↓↓↓

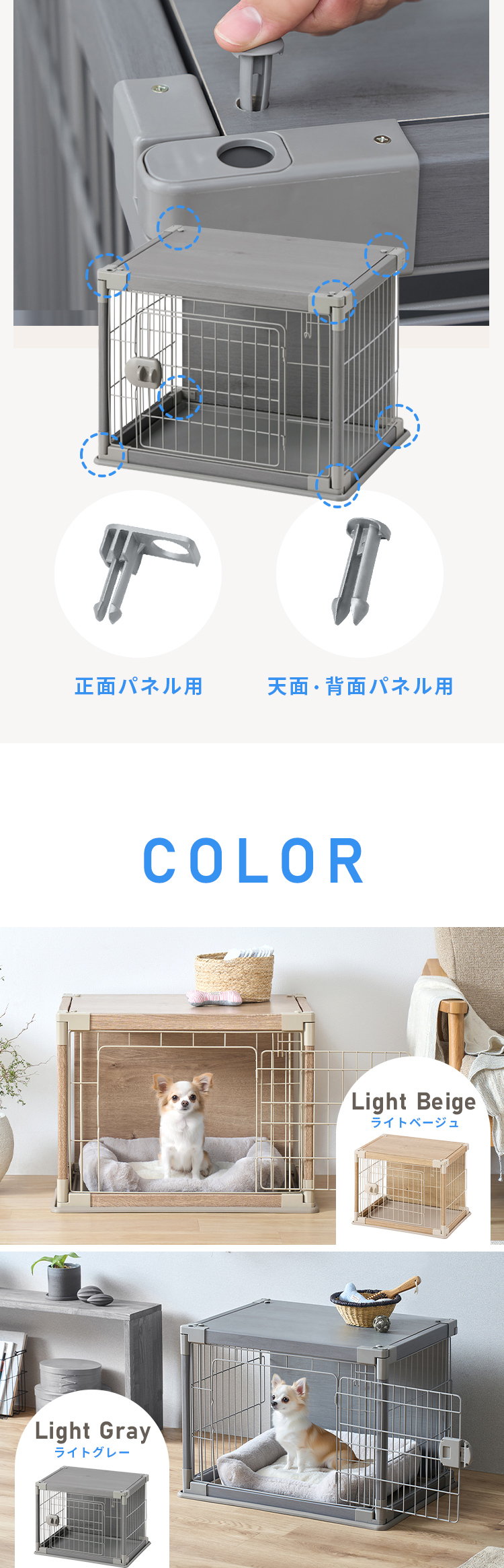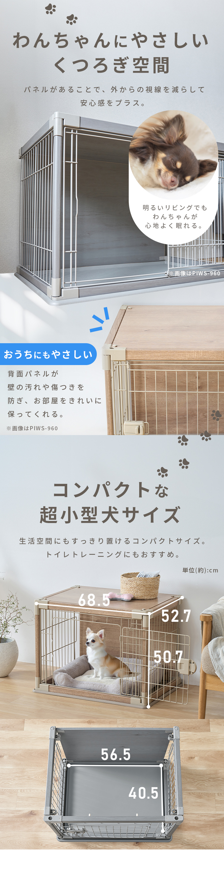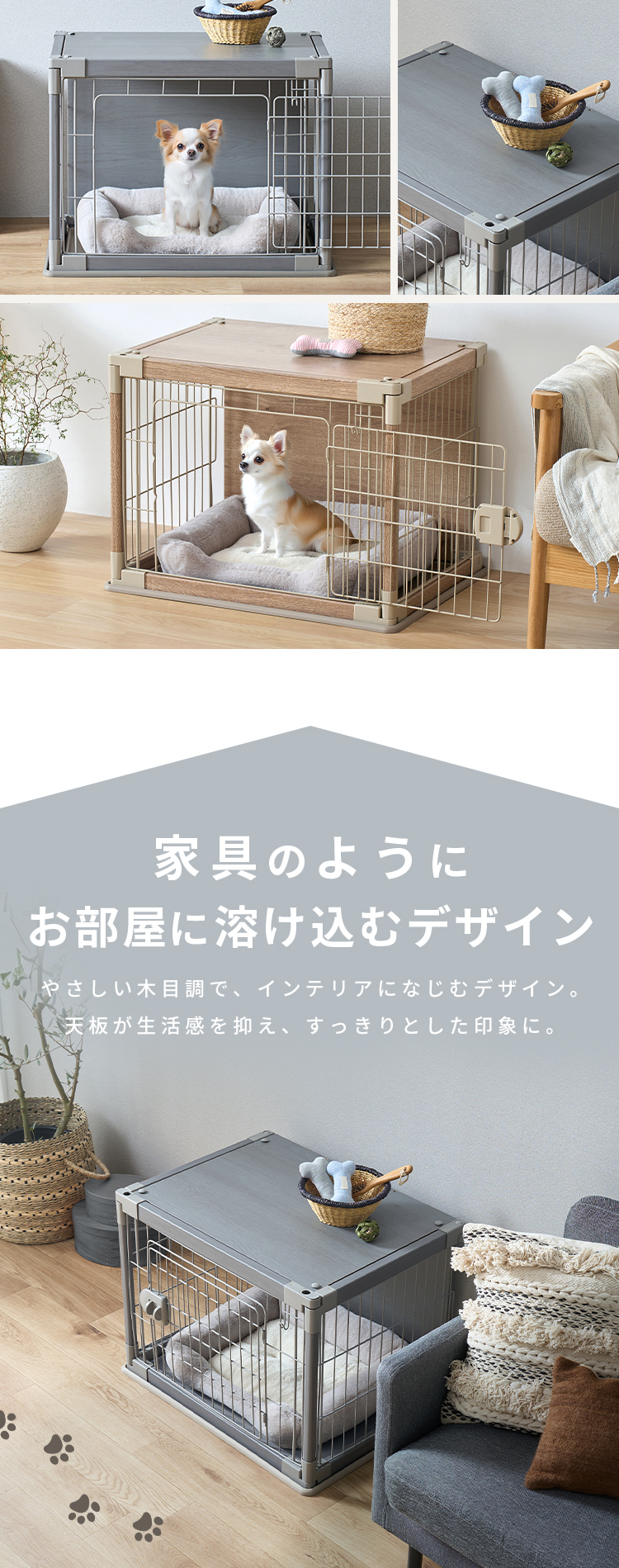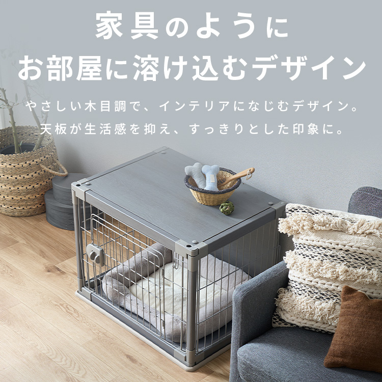 木製の屋根と背面板を付け、ワンちゃんがリラックスできる空間を目指したサークルです。
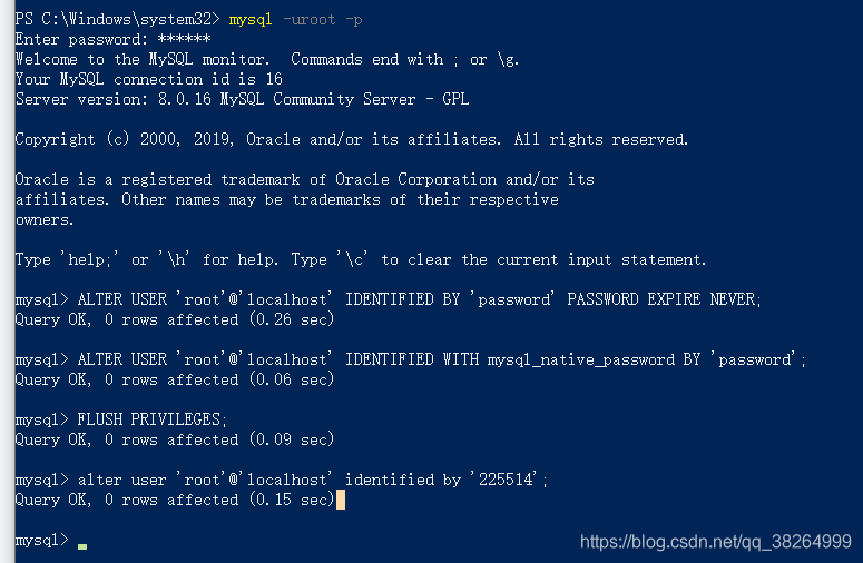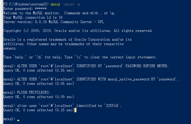 ALTER USER 'root'@'localhost' IDENTIFIED WITH mysql_native_password BY 'password';
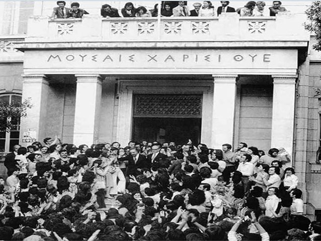 | 1974 | Ο αφανισμός της Μήλος, Καπνισμένο τσουκάλι, Ύμνος και θρήνος για την Κύπρο, Μελετήματα, Πέτρινος χρόνος, Ο τοίχος μέσα στον καθρέφτη, Χάρτινα (έκδ.). Κυκλοφορεί ο δίσκος Δεκαοχτώ λιανοτράγουδα της πικρής πατρίδας του Μ. Θεοδωράκη. | Κυπριακό πραξικόπημα. Τουρκική εισβολή στην Κύπρο. Πτώση της Χούντας. Μεταπολίτευση. ~ Ν. Βρεττάκος, Ωδή στον ήλιο. Π. Καλιότσος, Τα ξύλινα σπαθιά. Δ. Νόλλας, Νεράιδα της Αθήνας. Α΄ Κρατικό Βραβείο Ποίησης: Ζ. Καρέλλη, Τα ποιήματα. Θάνατος του Βάρναλη. | Πτώση της δικτατορίας στην Πορτογαλία (Η Επανάσταση των Γαριφάλων). Σκάνδαλο Watergate στις Η.Π.Α. ~ Βραβείο Νόμπελ Λογοτ.: Eyvind Johnson, Harry Martinson. |
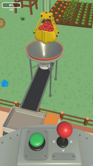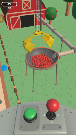 2、先种植一批当季苹果,熟悉果树生长周期,待成熟后操作摇杆控制吊车移动,点击 “抓取” 按钮将苹果放到运输车上,完成首次采摘。
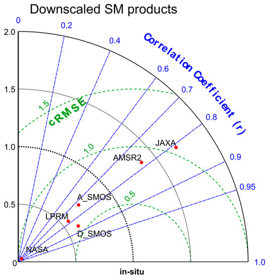 The discrete distribution of the downscaled SM products is also illustrated in Taylor diagrams (Figure 8). The downscaled SMOS products are quite close to the in-situ observation and have a lower RMSE than the downscaled AMSR product (Table 4). The downscaled D_SMOS product has the highest r among the downscaled microwave products. SMOS is designed specifically for SM observation and deploys the L-band, which is better than the C- or X-band for SM retrieval [35]. Thereby, the downscaled SMOS product generated from the SMOS microwave-scale SM product can achieve a better result. The variability of the downscaled D_SMOS product is the closest to the in-situ SM data, with the best result (r = 0.859, RMSE = 0.052 m3/m3, and bias = −0.011 m3/m3) at the SMTMN scale among the downscaled SM products (Figure 8 and Table 4).

↑↑↑

## [What is needed]
Restate each entry exactly, omitting pictures.

## [Response to the task]
 木製の屋根と背面板を付け、ワンちゃんがリラックスできる空間を目指したサークルです。
 ALTER USER 'root'@'localhost' IDENTIFIED WITH mysql_native_password BY 'password';
 | 1974 | Ο αφανισμός της Μήλος, Καπνισμένο τσουκάλι, Ύμνος και θρήνος για την Κύπρο, Μελετήματα, Πέτρινος χρόνος, Ο τοίχος μέσα στον καθρέφτη, Χάρτινα (έκδ.). Κυκλοφορεί ο δίσκος Δεκαοχτώ λιανοτράγουδα της πικρής πατρίδας του Μ. Θεοδωράκη. | Κυπριακό πραξικόπημα. Τουρκική εισβολή στην Κύπρο. Πτώση της Χούντας. Μεταπολίτευση. ~ Ν. Βρεττάκος, Ωδή στον ήλιο. Π. Καλιότσος, Τα ξύλινα σπαθιά. Δ. Νόλλας, Νεράιδα της Αθήνας. Α΄ Κρατικό Βραβείο Ποίησης: Ζ. Καρέλλη, Τα ποιήματα. Θάνατος του Βάρναλη. | Πτώση της δικτατορίας στην Πορτογαλία (Η Επανάσταση των Γαριφάλων). Σκάνδαλο Watergate στις Η.Π.Α. ~ Βραβείο Νόμπελ Λογοτ.: Eyvind Johnson, Harry Martinson. |
 2、先种植一批当季苹果,熟悉果树生长周期,待成熟后操作摇杆控制吊车移动,点击 “抓取” 按钮将苹果放到运输车上,完成首次采摘。
 The discrete distribution of the downscaled SM products is also illustrated in Taylor diagrams (Figure 8). The downscaled SMOS products are quite close to the in-situ observation and have a lower RMSE than the downscaled AMSR product (Table 4). The downscaled D_SMOS product has the highest r among the downscaled microwave products. SMOS is designed specifically for SM observation and deploys the L-band, which is better than the C- or X-band for SM retrieval [35]. Thereby, the downscaled SMOS product generated from the SMOS microwave-scale SM product can achieve a better result. The variability of the downscaled D_SMOS product is the closest to the in-situ SM data, with the best result (r = 0.859, RMSE = 0.052 m3/m3, and bias = −0.011 m3/m3) at the SMTMN scale among the downscaled SM products (Figure 8 and Table 4).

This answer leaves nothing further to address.